2. The system of claim 1, wherein the signal processing module is further programmed to, during operation of the system, provide a recommendation to the operator interface based on the measurement information and the threshold.
3. The system of claim 1, wherein the thermomechanical property is strain.
4. The system of claim 1, wherein the thermomechanical property is temperature.
5. The system of claim 1, wherein the thermomechanical property is pressure.
6. The system of claim 1, wherein the thermomechanical property is a shape of the BHA.
7. The system of claim 1, wherein the BHA comprises at least two drill collars connected to each other via a coupler;
wherein the coupler comprises a tube-shaped wall extending from a first end and a second end and a channel between the first end and the second end;
wherein the one or more lengths of optical fiber pass through the channel to continuously extend across the at least two drill collars and the coupler.
8. The system of claim 1, wherein the one or more lengths of optical fiber are disposed in one or more channels that extend helically along the BHA.
9. The system of claim 8, further comprising a protective cladding disposed in the one or more channels.
10. The system of claim 1, wherein the signal source module is positioned between the one or more drill collars and the drill bit.

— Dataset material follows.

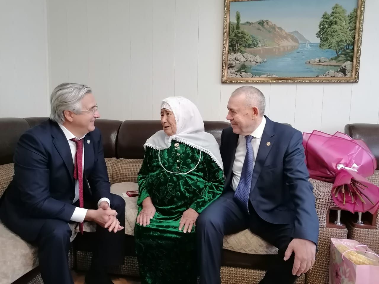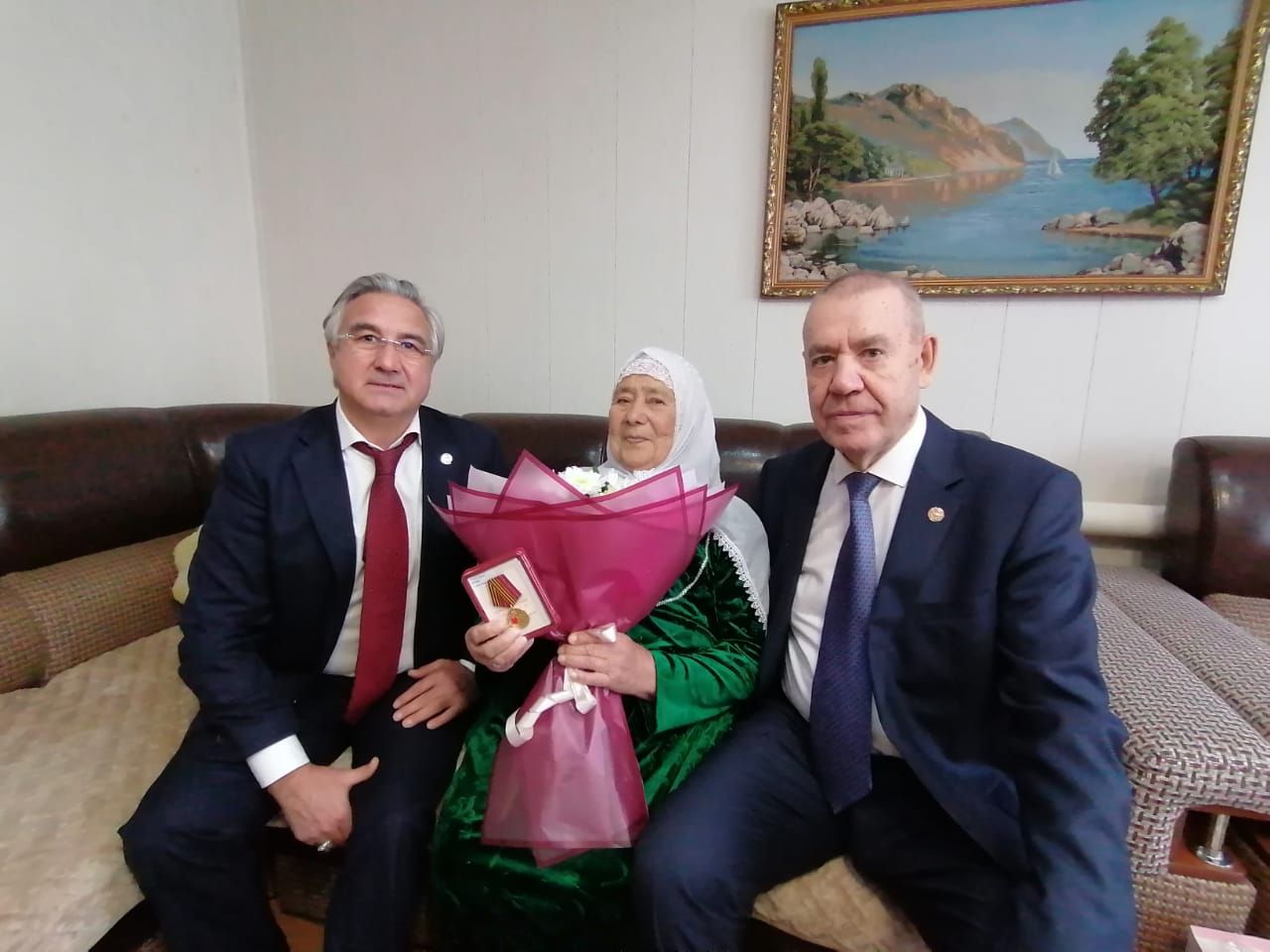 Татарстан Республикасы Премьер-министры урынбасары Васил Шайхразыев һәм районыбыз башлыгы Габделәхәт Хәкимов тыл ветераны Хәдия апа Гатауллинага Бөек җиңүнең 80 еллыгы уңаеннан медаль тапшырды. Васил Шайхразыев Хәдия апаның хәлләрен сорашты. Хәдия апа һәркемгә үзенең изге теләкләрен, рәхмәтләрен җиткерде. "Шундый матур тормышта яшибез, өйләребезгә газ-су кергән, урамнарыбызда асфальт, тормышыбыз бик матур, бик рәхәт. Илләребез тыныч булсын, мине зурлап, хөрмәтләп килгәнегез өчен исән-имин эшләгез", - диде.

11. The system of claim 1, further comprising a visualization module in communication with the signal processing module, wherein the visualization module is programmed to display the measurement information and an indication of a location that corresponds to the measurement information during operation of the system.
12. A method of monitoring a bottomhole assembly (BHA) comprising:
directing an optical signal into one or more lengths of optical fiber helically wound around and extending along one or more drill collars of the BHA;
detecting the optical signal after the optical signal is guided by the one or more lengths of optical fiber;
determining, based on the detected optical signal, measurement information about a thermomechanical property at multiple different locations on the one or more drill collars while the BHA is used to bore a well; and
sending a signal to an operator interface when the measurement information exceeds a threshold.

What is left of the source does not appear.